Backpropagation gradients

The softmax gradients used to train a network are computed with the previous equation. With the chain rule we can decompose the derivative in 2 parts: the cross-entropy derivative and the softmax derivative.

$$ \frac{∂L}{∂x} = - \frac{1}{N} \sum_{i=1}^{N} \sum_{j=1}^{M} \frac{∂}{∂q}( p_{i,j}.log(q_{i,j}) ) \frac{∂q_{i,j}}{∂x} $$

The labels $p_{i,j}$ are constants to the input $x$ but the confidence values $q_{i,j}$ depend on $x$. Therefore, for the cross-entropy derivative we have:

$$ \frac{∂}{∂q}( p_{i,j}.log(q_{i,j}) ) = p_{i,j} . \frac{1}{ln(10).q_{i,j}}\\ $$

To calculate the softmax derivative we use the quotient rule and we get:

$$ \frac{∂q_{i,j}}{∂x_{k}} = q_{i,j}(\delta_{i,j,k} - q_{i,j}) \\ $$ \begin{cases} j \equiv k &\rightarrow \delta=1 \\ j \neq k &\rightarrow \delta=0 \end{cases}

The softmax derivative depends on the input scores $x_{k}$. When j and k are equal they represent the same class and the derivative becomes $ q_{i,j}(1 - q_{i,j}) $. When they are different, the derivative becomes $ - q_{i,j} . q_{i,j} $

Replacing the partial derivatives in the gradient equation we get:

\begin{align} \frac{∂L}{∂x_{k}} &= - \frac{1}{N} \sum_{i=1}^{N} \sum_{j=1}^{M} \frac{∂}{∂q}( p_{i,j}.log(q_{i,j}) ) \frac{∂q_{i,j}}{∂x} \\ &= - \frac{1}{N} \sum_{i=1}^{N} \sum_{j=1}^{M} p_{i,j} . \frac{1}{ln(10) . q_{i,j}} . q_{i,j} . (\delta_{i,j,k} - q_{i,j}) \\ &= - \frac{1}{N . ln(10)} \sum_{i=1}^{N} \sum_{j=1}^{M} p_{i,j} . (\delta_{i,j,k} - q_{i,j}) \end{align} \begin{cases} k \equiv j &\rightarrow \delta=1 \\ k \neq j &\rightarrow \delta=0 \end{cases}

We can simplify this equation a little bit more.
When using one hot encoding, only the correct class from the labels vector $p_{i,j}$ is equal to 1, all the other values are 0. Therefore, the summation over the M confidences have only one non-zero value and the summation can be removed from the equation.

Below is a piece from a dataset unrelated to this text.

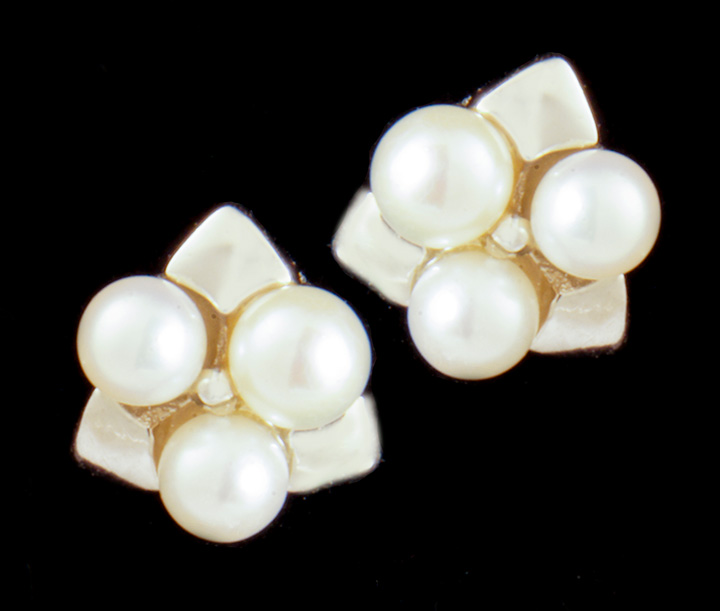 Three pearl post earrings in sterling silver – Stock# 7687
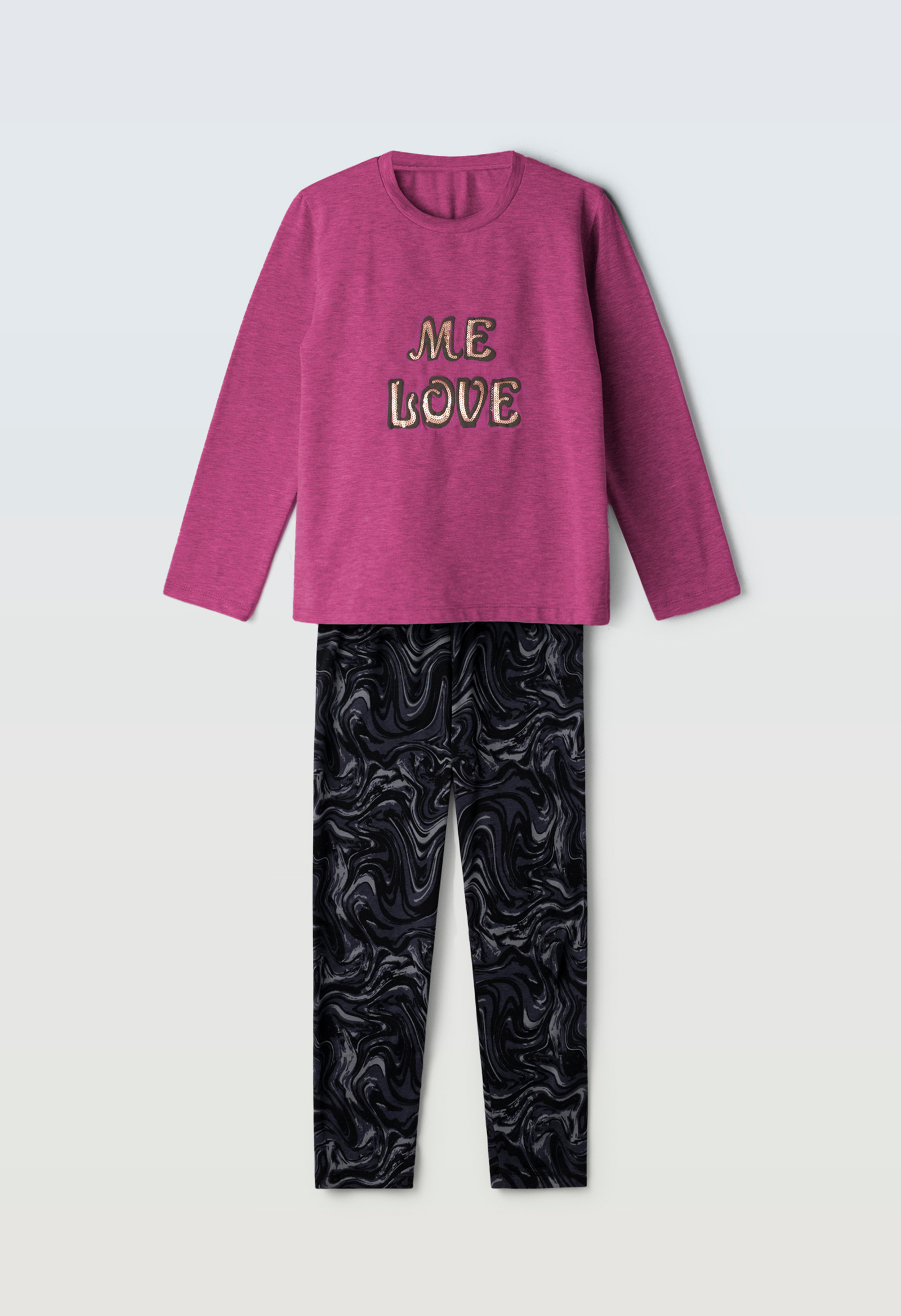 Σετ κολάν για κορίτσι 6-16 ετών. Το σετ αποτελείται από κολάν σε μαύρο χρώμα με allover τύπωμα και μπλούζα σε μωβ χρώμα

\begin{align} \frac{∂L}{∂x_{k}} &= - \frac{1}{N . ln(10)} \sum_{i=1}^{N} (\delta_{i,c,k} - q_{i,c}) \end{align} \begin{cases} k \equiv c &\rightarrow \delta=1 \\ k \neq c &\rightarrow \delta=0 \end{cases}

In this equation, c represents the correct class (or index) from a sample i.

A python script with examples can be found at: repository.